Le témoignage de Lili Keller-Rosenberg

Le témoignage de Lili Keller-Rosenberg

Mardi 11 octobre, 600 collégiens et lycéens ont été réunis au Centre départemental de la communication à Périgueux pour écouter le témoignage de Lili Keller-Rosenberg, épouse Leignel, 90 ans, déportée à l’âge de 11 ans avec toute sa famille. 
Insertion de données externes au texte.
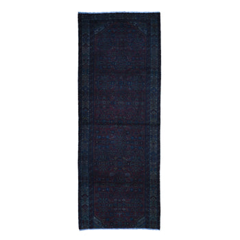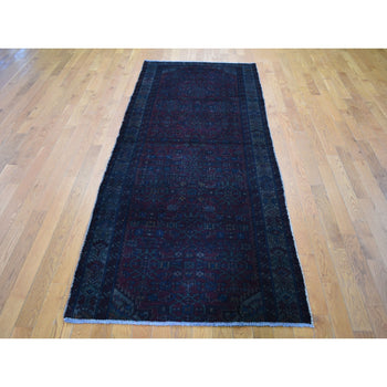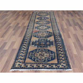 3'4"X16'3" Navy Blue Antique Zoroastrian Rug Pure Wool Hand Knotted Runner
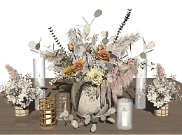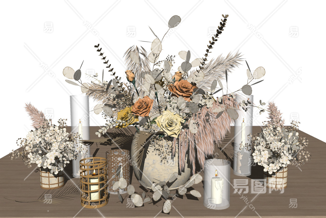 12北欧花瓶花艺,摆件插花su草图模型下载
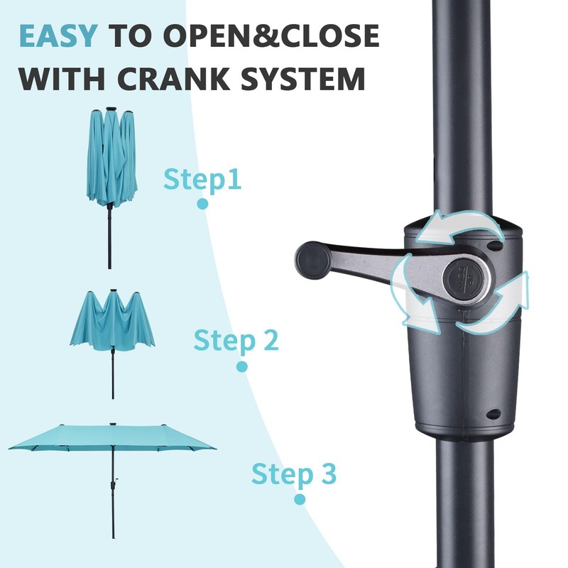 - Easy to set up: When the center pole is placed in the upright position, the canopy can be raised and fully opened by rotating the hand crank of the umbrella. Turn the hand crank in the opposite direction to close the top
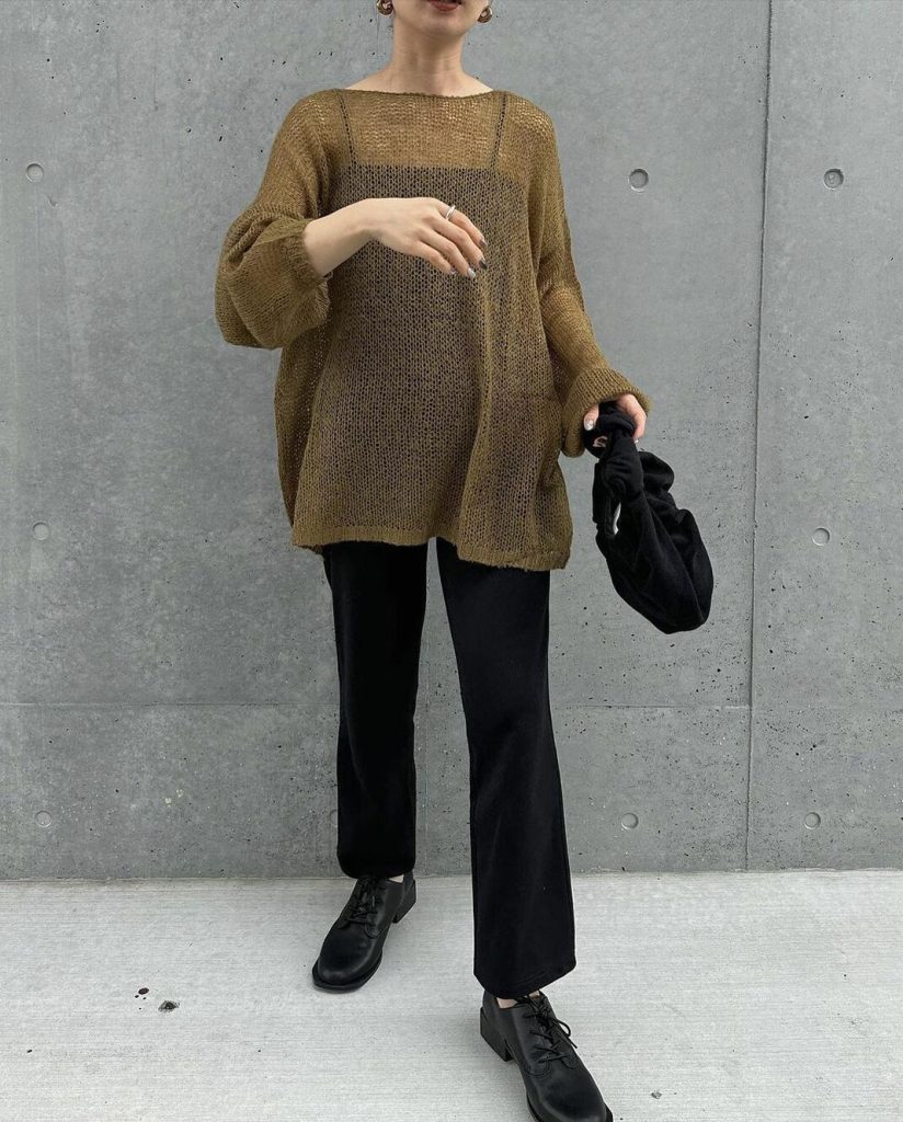 キャミソールやタンクトップだけでなく、ワンピースと重ね着もこなれていておしゃれです。黒のキャミワンピには、アイボリーのメッシュニットを合わせて色でメリハリ◎。ワンピースの美シルエットが引き立ちます。
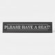 Cette conception traditionnelle comporte le message "S'IL VOUS PLAÎT, AVEZ UN SIÈGE!". Cela pourrait être utilisé dans un salon d'attente ou une salle d'attente pour informer les patients ou les clients qu'ils seront servis sous peu et qu'ils devraient prendre place entre-temps.
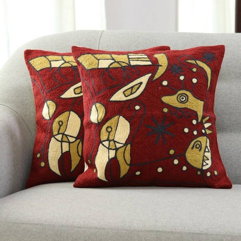 Abstract Embroidered Cotton Cushion Covers from India Pair 'Abstract Expression' Item ID: 2671792253
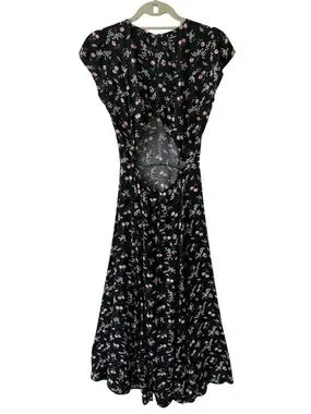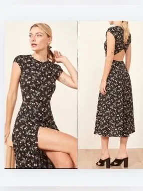 Reformation Gavin Dress Sasha Floral High Slit Cut Out Back Midi Black 4
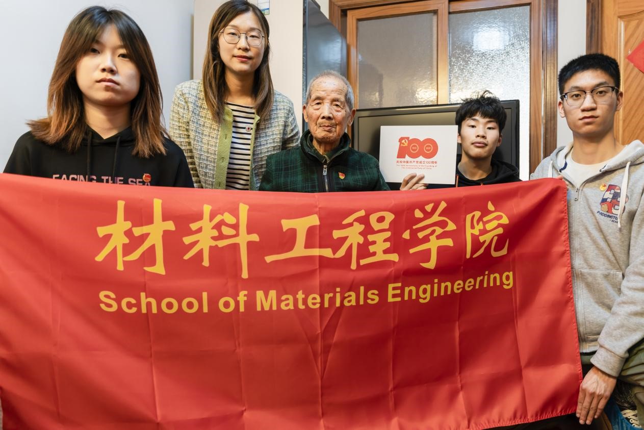 为庆祝建党百年,进一步扎实推进党史学习教育,4月28日,伟德国际bevictor团委书记石玉枝带领公司百年初心寻访团党员、入党积极分子代表一行四人来到校离休干部贺庆仕老先生家中慰问寻访。
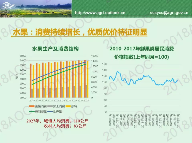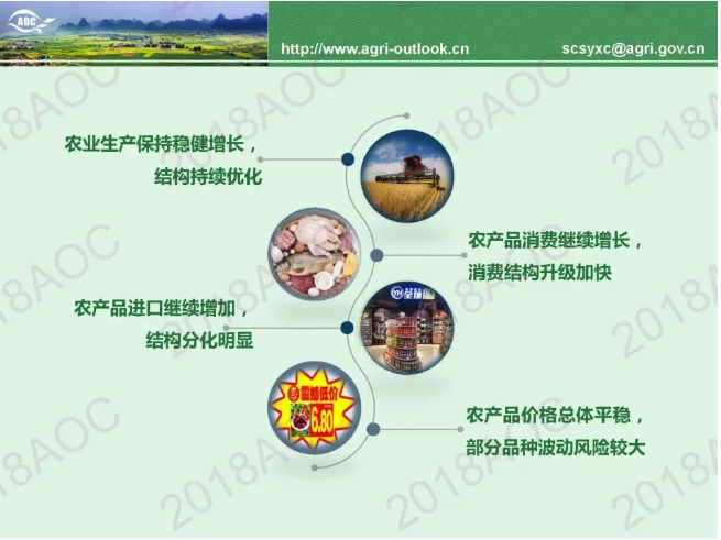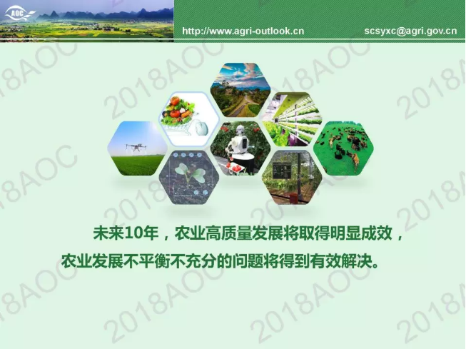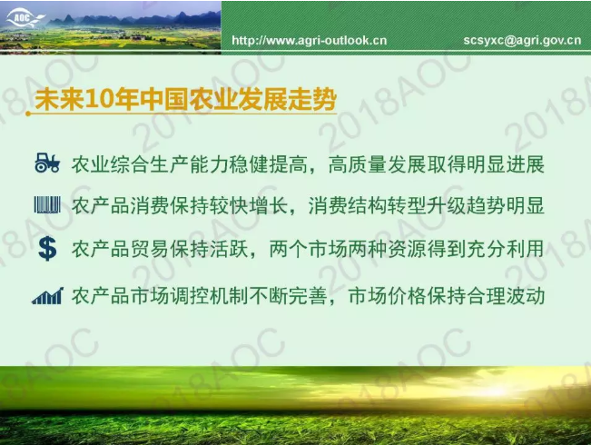 價(jià)格方面,稻谷、小麥價(jià)格展望前期穩(wěn)中趨弱,鮮活品種價(jià)格季節(jié)性波動(dòng)仍然明顯。展望后期,受成本推動(dòng)和經(jīng)濟(jì)增長(zhǎng)等因素影響,農(nóng)產(chǎn)品價(jià)格穩(wěn)中趨漲。針對(duì)18個(gè)品種的未來(lái)10年走勢(shì)進(jìn)行了專題信息發(fā)布。

Debout sur la scène du centre de la communication de Périgueux, mardi 11 octobre, face à 600 collégiens et lycéens, Lili a déroulé son implacable témoignage. À 90 ans, elle raconte son arrestation en 1943 près de Lille avec ses parents et ses deux frères, son passage dans des camps de transit en Belgique, le voyage de quatre jours sans boire ni manger serrés dans un wagon à bestiaux, l’arrivée au camp de Ravensbrück. Privations, mauvais traitements, maladies, elle explique comment, à 11 ans, elle a pu tenir grâce à la ténacité de sa mère. Son père avait été envoyé vers le camp de Buchenwald.

Dans la salle, on n’entend pas un bruit, tous les jeunes sont suspendus au récit de cette vieille dame pimpante ne cachant rien des horreurs vécues il y a près de quatre-vingts ans. On y trouve de précieux conseils de survie : « Dans le camp il fallait rester digne et faire sa toilette, c’était déjà un acte de résistance… Quand on se laisse aller, la mort arrive très vite. » Elle raconte ceux qui se pinçaient les joues pour se donner un peu de couleur avant les appels : les malades étaient souvent éliminés. Odeur pestilentielle L’horreur monta d’un cran lorsqu’elle fut transférée au camp de Bergen-Belsen. « On y a découvert un spectacle de fin du monde, avec des cadavres à enjamber, des déportés qui les ramassaient dans une charrette avant d’aller les brûler dans des fosses à ciel ouvert.

L’odeur était pestilentielle.

Lili raconte qu’elle « crevait de faim » et se disait parfois qu’il « aurait mieux valu mourir que de vivre comme des bêtes ». Questionnée par la salle, elle a avoué avoir fait des cauchemars durant des années. La libération du camp le 15 avril 1945, par des soldats anglais, marqua le début d’une nouvelle aventure. Les trois enfants, évacués sans leur mère, arrivèrent seuls à Paris. Ils purent rejoindre une tante dans les Deux-Sèvres, toujours dans l’angoisse de ne pas retrouver leurs parents. Finalement, leur mère finit par revenir vivante, pesant 27 kilos. Mais leur père fut déclaré mort à Buchenwald. « Après la guerre, des gens mettaient en doute ce que nous racontions. En entendant ces négationnistes, j’ai décidé de témoigner et surtout auprès des jeunes. Je le fais au nom de ceux qui ne sont pas revenus, pour combattre le racisme, l’antisémitisme et toutes les haines. Nous devons nous supporter avec toutes nos différences. »

« Jusqu’à 100 ans »

Lili Keller-Rosenberg continue donc inlassablement à parcourir la France, à raconter et même à chanter des chansons apprises dans les camps. « Quand il n’y aura plus de déportés vivants, vous serez nos messagers pour poursuivre le devoir de mémoire. Moi je vais continuer au moins jusqu’à 100 ans… Après on verra », glisse-t-elle avec malice. Les élèves sont debout pour l’applaudir avec ferveur et émotion.

Ils sont venus du collège Montaigne dont la professeure d’histoire Aurélie Ducassou a organisé cette rencontre, en invitant d’autres établissements : Bertran-de-Born, Jay-de-Beaufort, Laure-Gatet, Clos-Chassaing, Picasso et même le collège de Saint-Astier. Ces jeunes se souviendront de cette rencontre.